Agree with this... I live in moderate climate, so not an expert, but the aforementioned Bjorn Nyland has a Youtube channel dedicated to his life with Tesla in Norway... They know about cold weather there.

Even 110V helps for those in the US that find themselves "without a plug" on the other end.


----------



## Mike (Apr 4, 2016)

MpowerSkills said:


> You're assuming a max range charge, which we know is bad. So I'd be charging to 80% which would mean 200 is my best range for daily use, degradation would bring it down from that point.
> 
> You know what would be awesome!!? A chart that shows the percentage of energy loss per degree below 15 Celsius per 15 minute intervals of parking unplugged time!
> 
> ...


I was a c130 navigator in the RCAF for 28 years (been retired 10 years now). Aircraft have tables for range,power, etc based on the temperature deviation from (International Civil Aviation Organization (ICAO) Standard Atmosphere ) a.k.a ISA deviation.
An ICAO standard atmosphere assumes a sea level temperature of 15C, pressure at 29.92 inches of mercury, a temperature fall of 2C per 1000 feet, etc.

So if your temperature at your location (say, 1000 feet above sea level) is 25C, the ISA should be 13C, your ISA deviation is +12C.

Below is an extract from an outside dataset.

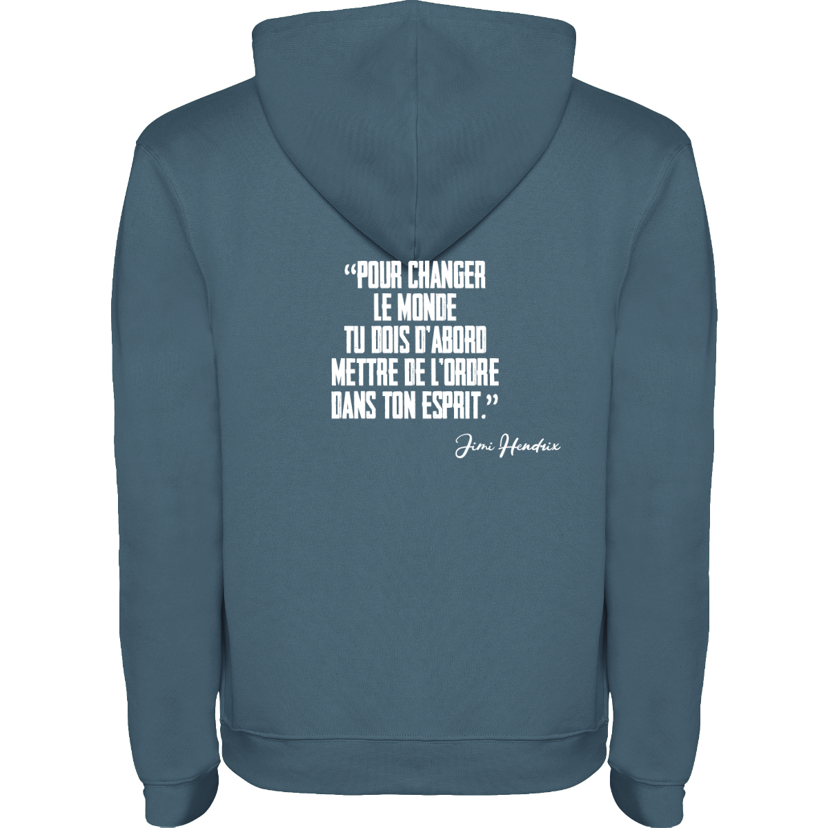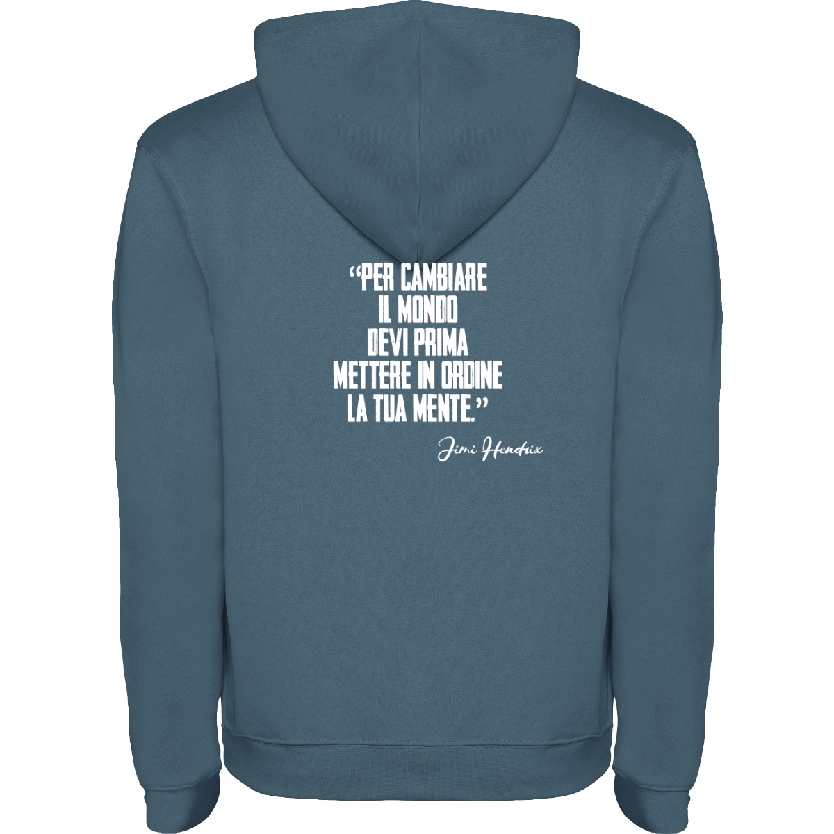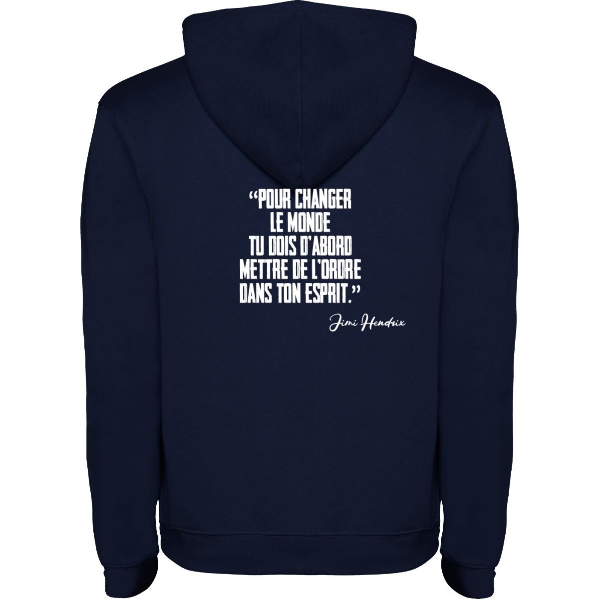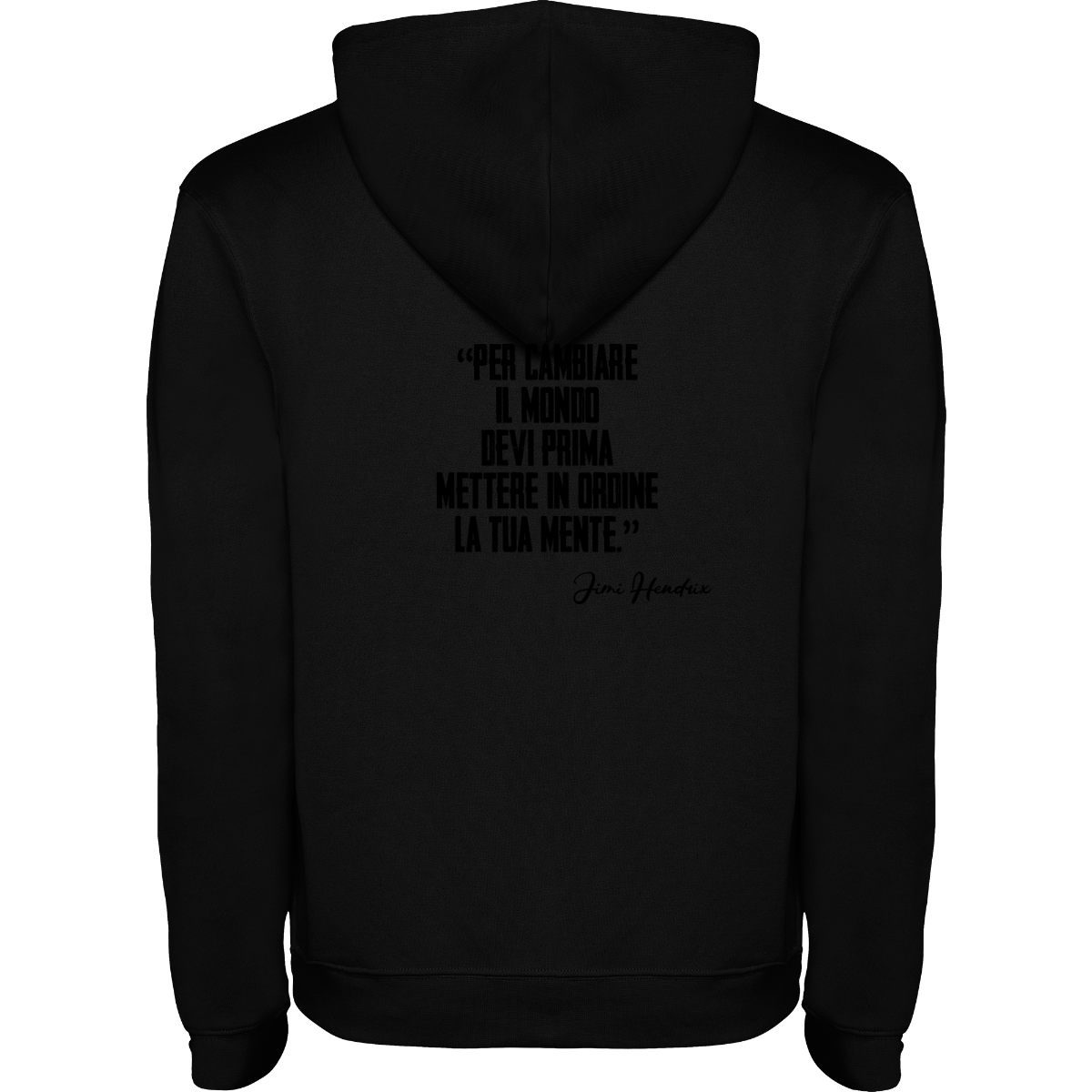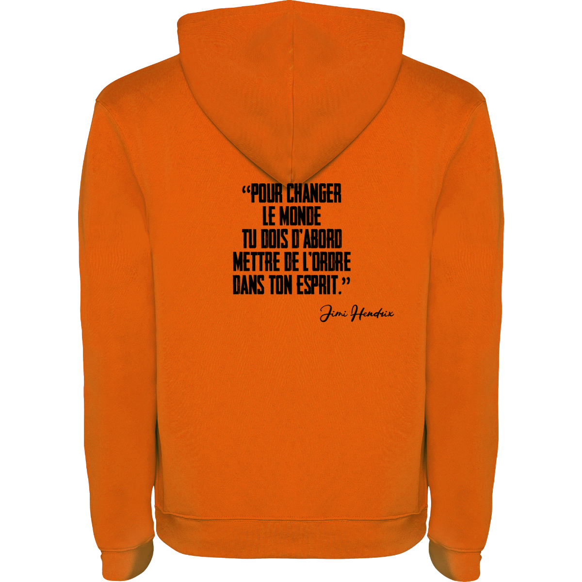 Sudadera bicolor con capucha, de doble tejido y cordón ajustable. Bolsillo frontal. Puños y cinturilla de canalé 1x1. Modelo para niño sin cordón. Material: 50 % algodón / 50 % poliéster, forro polar, 280 g/m².

One then enters a set of charts for ISA +10 (+8 to +12) for performance and fuel flow coercion factors.

Where this ramble is going, I'd expect Tesla already has a data bank of charts that will provide the deviations for battery temperature based on exterior temperature already figured out.....I know fuel in the wings of a c130 is considered to be at the same temperature as the air around it after 3 hours.....Cheers.


----------



## Badback (Apr 7, 2016)

The caution about charging the battery pack to 100% comes from the tendency of Li batteries to plate lithium metal in tendrils on the cathode, especially at elevated temperatures. This happens over time as the battery sits at 100% charge. If you are going to start driving right away and bring the charge down to below 90% in a few minutes, then this is not a problem. If you are going to charge to 100% overnight and let the car sit for hours before you start driving, that is a problem. If the tendrils build so that they are in contact with the anode, then the cell is short circuited and taken out of the pack by the fusible link that connects each cell to the pack.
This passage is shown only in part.